The result of MODE() is used as
the second argument to INDEX(). Its first argument is the array to
examine. The second argument tells it how far into the array to look.
Here, it looks at the first value in the array, which is Ford. If, say,
GM had been the most frequently occurring text value, MODE() would have
returned 4 and INDEX() would have used that value to find GM in the
array.
Using an Array Formula to Count the Values
With the modal value (Ford, in this example) in
hand, we still want to know how many instances there are of that mode.
This section describes how to create the array formula that counts the
instances.
Figure 2 also shows, in cell C2, the count of the number of records that belong to the modal value. This formula provides that count:
=SUM(IF(A2:A21=C1,1,0))
The formula is an array formula, and must be entered
using the special keyboard sequence Ctrl+Shift+Enter. You can tell that
a formula has been entered as an array formula if you see curly
brackets around it in the formula box. If you array enter the prior
formula, it will look like this in the formula box:
{=SUM(IF(A2:A21=C1,1,0))}
But don’t supply the curly brackets yourself. If you do, Excel interprets this as text, not as a formula.

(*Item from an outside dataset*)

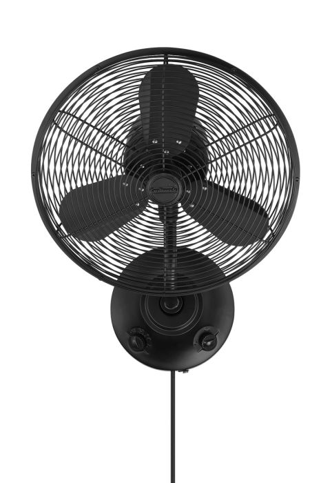 Increase your cool, indoors or out, with the retro-inspired damp-rated Bellows I 16" wall mount fan. With a heavy-duty, 3-speed oscillating motor and 14" blades, this wall-mounted fan combines the retro style of a table fan with the power and efficiency of a ceiling fan. Finished in your choice of outdoor damp rated flat black or aged bronze textured, it features separate knobs for oscillating and speed control. The fan can be hung and plugged in, with 40" corded plug or hard-wired if necessary.

Here’s how the formula works: As shown in Figure 2,
cell C1 contains the value “Ford”. So the following fragment of the
array formula tests whether values in the range A2:A21 equal the value
“Ford”:
A2:A21=C1
Because there are 20 cells in the range A2:A21, the
fragment returns an array of TRUE and FALSE values: TRUE when a cell
contains “Ford” and FALSE otherwise. The array looks like this:
{TRUE;FALSE;TRUE;FALSE;FALSE;FALSE;TRUE;FALSE;TRUE;TRUE;
FALSE;FALSE;FALSE;TRUE;TRUE;FALSE;FALSE;TRUE;FALSE;FALSE}
Specifically, cell A2 contains “Ford” and so it
passes the test: The first value in the array is therefore TRUE. Cell
A3 does not contain “Ford” and so it fails the test: The second value
in the array is therefore FALSE—and so on for all 20 cells.
Note
The array of TRUE and FALSE values is an
intermediate result of this array formula (and of many others, of
course). As such, it is not routinely visible to the user, who normally
needs to see only the end result of the formula.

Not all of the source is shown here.